→ **WHAT NEEDS TO BE DONE**:
Give the data again exactly as written, skipping any pictures.

→ **EXERCISE DATA**:

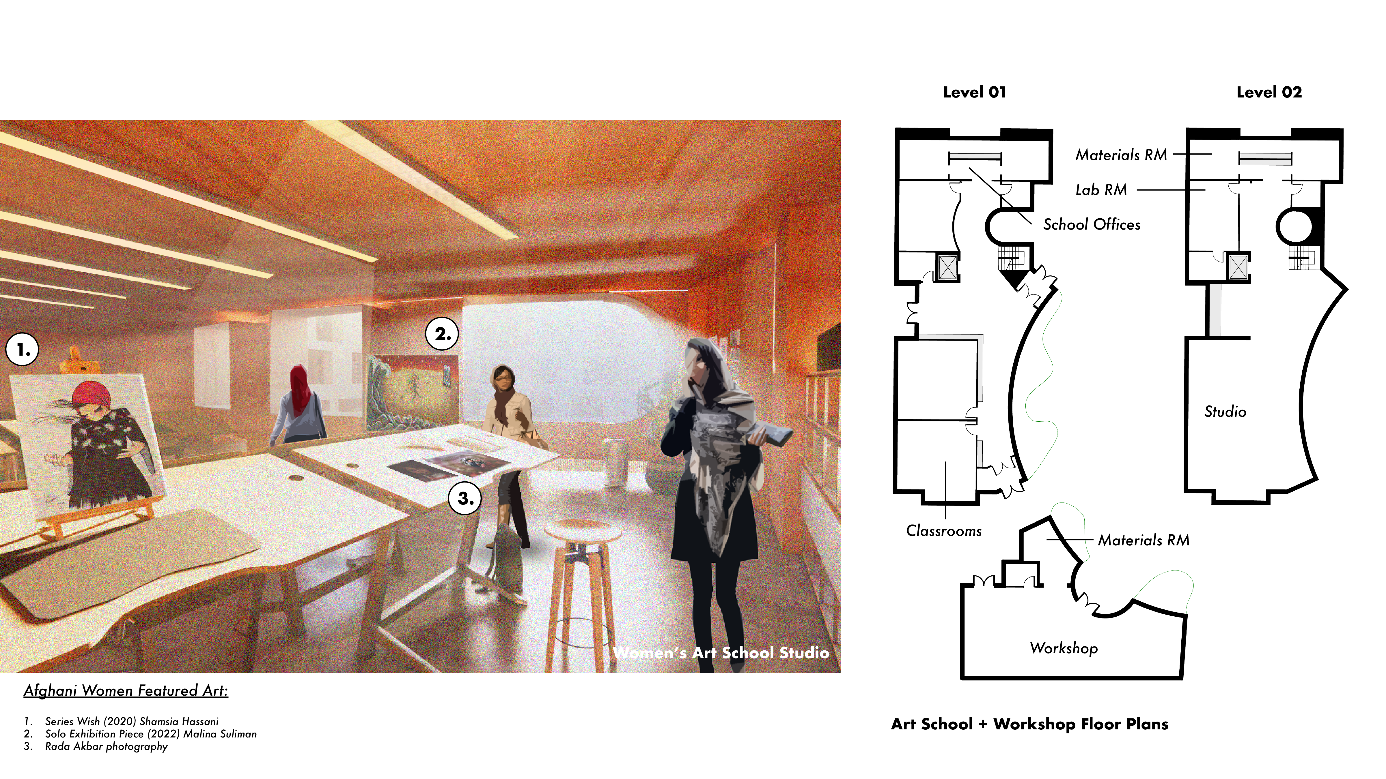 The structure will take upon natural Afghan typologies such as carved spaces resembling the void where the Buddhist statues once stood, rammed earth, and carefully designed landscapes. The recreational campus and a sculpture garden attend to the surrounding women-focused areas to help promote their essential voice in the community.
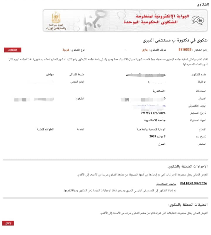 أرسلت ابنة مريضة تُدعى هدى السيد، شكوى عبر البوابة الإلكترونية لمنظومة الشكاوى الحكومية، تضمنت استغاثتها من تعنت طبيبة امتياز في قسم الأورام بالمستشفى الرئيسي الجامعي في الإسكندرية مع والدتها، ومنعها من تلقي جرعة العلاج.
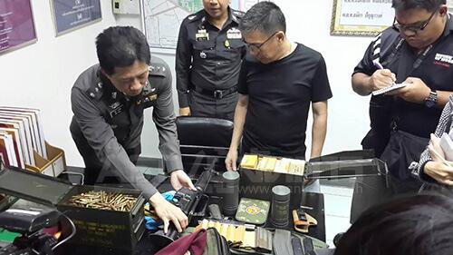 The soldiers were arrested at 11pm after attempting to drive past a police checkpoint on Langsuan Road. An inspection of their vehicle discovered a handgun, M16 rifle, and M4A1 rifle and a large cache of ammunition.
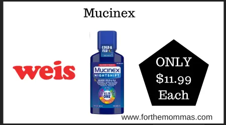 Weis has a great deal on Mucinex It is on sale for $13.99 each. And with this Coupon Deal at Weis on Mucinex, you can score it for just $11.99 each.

→ **ANSWER SPACE**:
 The structure will take upon natural Afghan typologies such as carved spaces resembling the void where the Buddhist statues once stood, rammed earth, and carefully designed landscapes. The recreational campus and a sculpture garden attend to the surrounding women-focused areas to help promote their essential voice in the community.
 أرسلت ابنة مريضة تُدعى هدى السيد، شكوى عبر البوابة الإلكترونية لمنظومة الشكاوى الحكومية، تضمنت استغاثتها من تعنت طبيبة امتياز في قسم الأورام بالمستشفى الرئيسي الجامعي في الإسكندرية مع والدتها، ومنعها من تلقي جرعة العلاج.
 The soldiers were arrested at 11pm after attempting to drive past a police checkpoint on Langsuan Road. An inspection of their vehicle discovered a handgun, M16 rifle, and M4A1 rifle and a large cache of ammunition.
 Weis has a great deal on Mucinex It is on sale for $13.99 each. And with this Coupon Deal at Weis on Mucinex, you can score it for just $11.99 each.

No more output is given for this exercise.